Teaching with Primary Sources (TPS) Western Region @ Metropolitan State University of Denver

How to Teach Empathy Using Primary Sources – The Circle of Viewpoints plus Extension

In To Kill a Mockingbird, Harper Lee writes that in order to understand another’s point of view, one has to be able to climb into their skin and walk around in it. In other words, empathy is the ability to understand a person’s condition from their own perspective. By building empathy of historic peoples, students can also learn historical thinking skills, inquiry strategies, and historical context.   

How can we connect students to the past and allow them to understand what it was like for someone to be a soldier in the trenches of a World War, an immigrant who travels for days to a foreign land with only a backpack full of clothes, or a slave in the heart of the Civil War?  

This activity involves using a visual thinking strategy called the circle of viewpoints paired with a primary source in order to identify and reflect on multiple perspectives apparent in a primary source.

For this activity, I’ve selected “The Americanese wall…” from the Library of Congress, but it can be done with any primary source relevant for your lesson. Click here for more great examples of other primary sources you could use.  

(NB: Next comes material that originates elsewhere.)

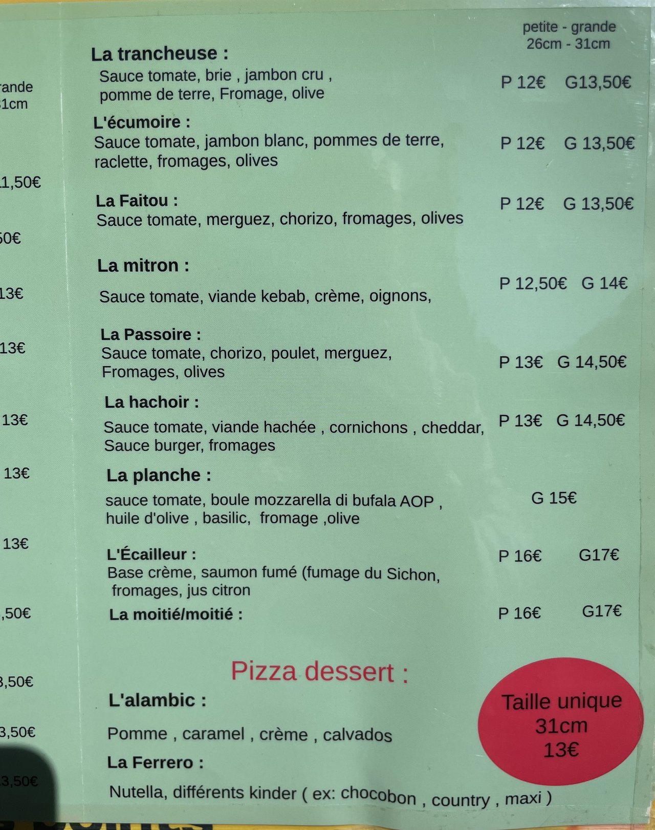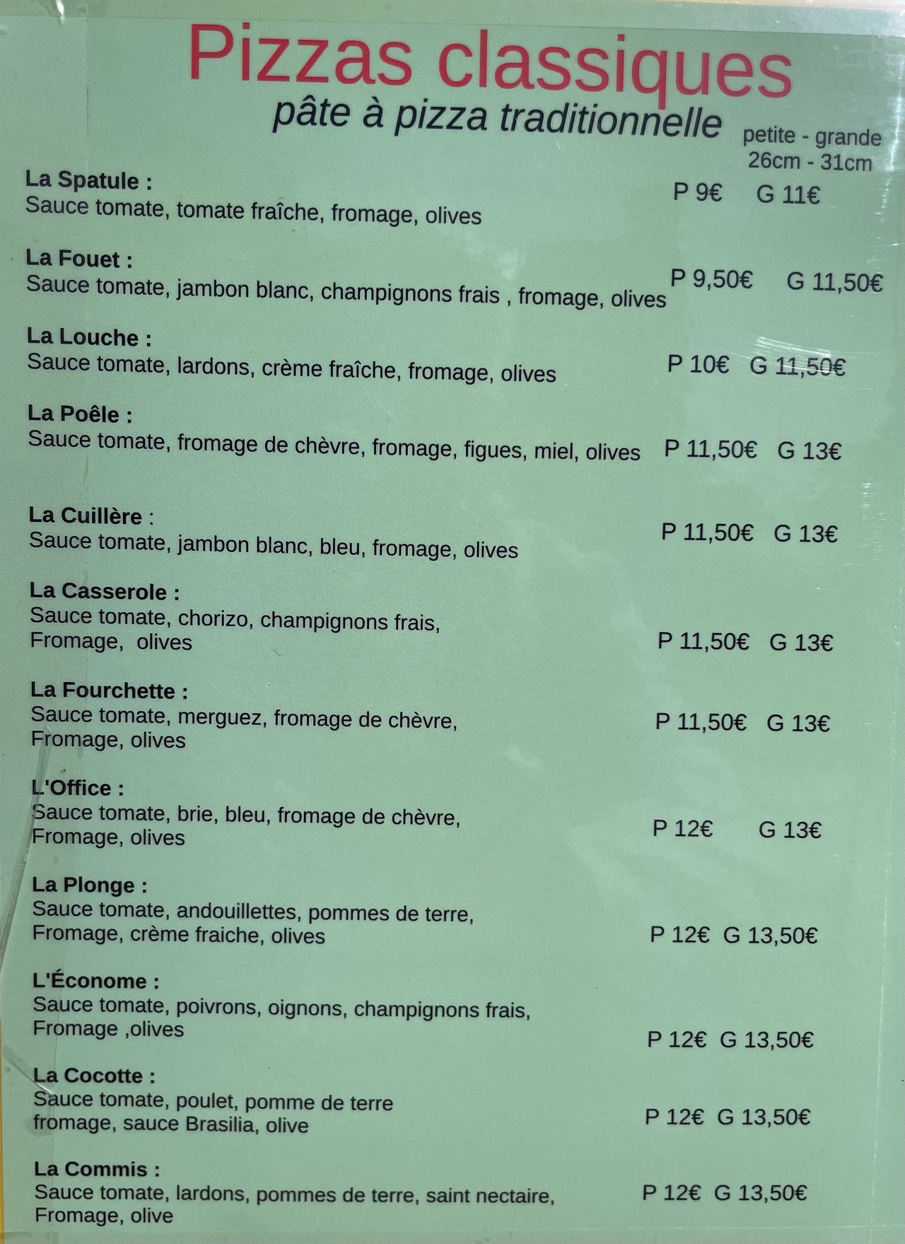 Ci joint en photo les différentes pizzas proposées par A Table pour vous aider à choisir.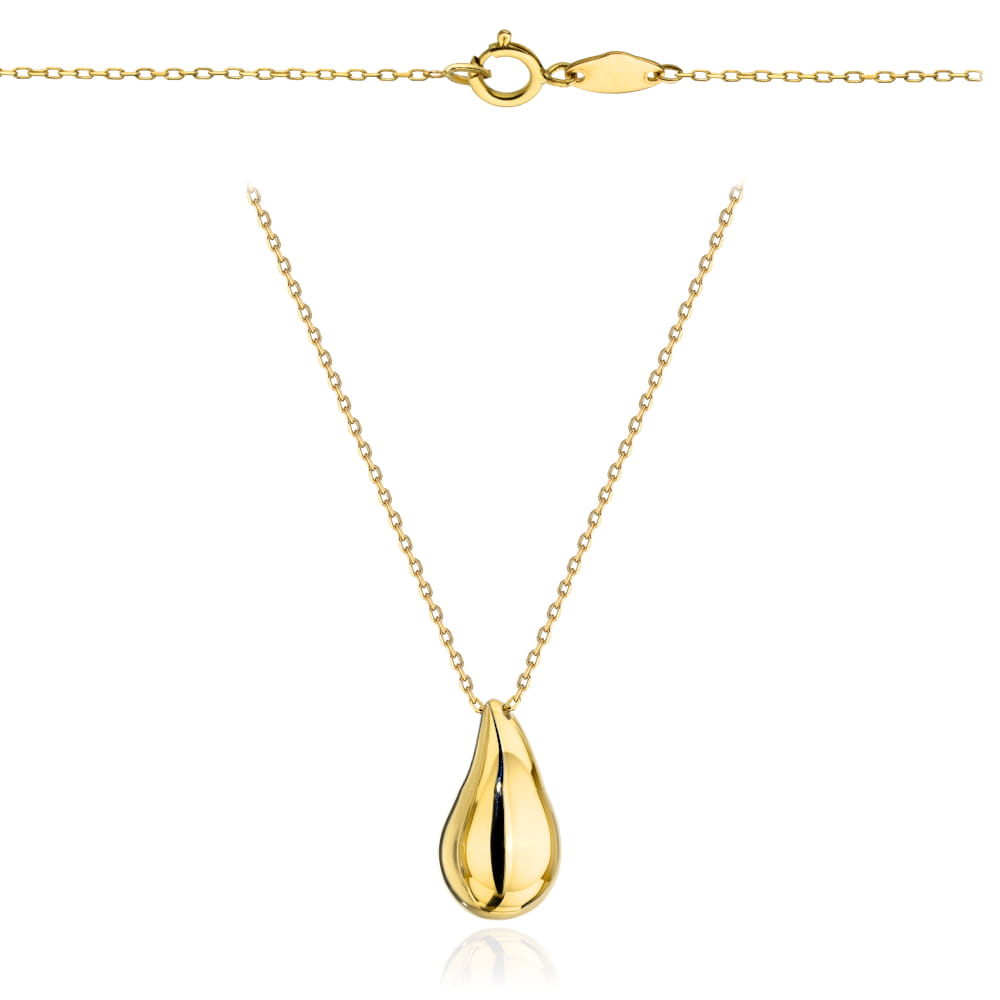 Centralnym elementem naszyjnika jest zawieszka w kształcie kropli o wymiarach 21 × 12 mm – większa, wyrazista forma przyciąga uwagę, a jednocześnie pozostaje subtelna i kobieca. Naszyjnik nie zawiera kamieni, dzięki czemu jego elegancja opiera się wyłącznie na szlachetnym blasku złota. Łańcuszek o długości 45 cm delikatnie układa się na dekolcie, dodając lekkości całej stylizacji.

The instructions are simple:

  • First, in groups or as a class, make a list every possible perspective involved in the primary source. For help making this list, students can answer these questions:
    • Who (and what) is affected by this primary source?
    • Who is involved?
    • Who might care?
    • Who might have a distinct opinion?
  • Next, in groups or individually, select one point of view to explore in depth.
  • Finally, answer these questions in writing or as a discussion:
    • What is your immediate reaction to the Americanese Wall cartoon?
    • What questions would you ask if you were seeing this cartoon in 1916?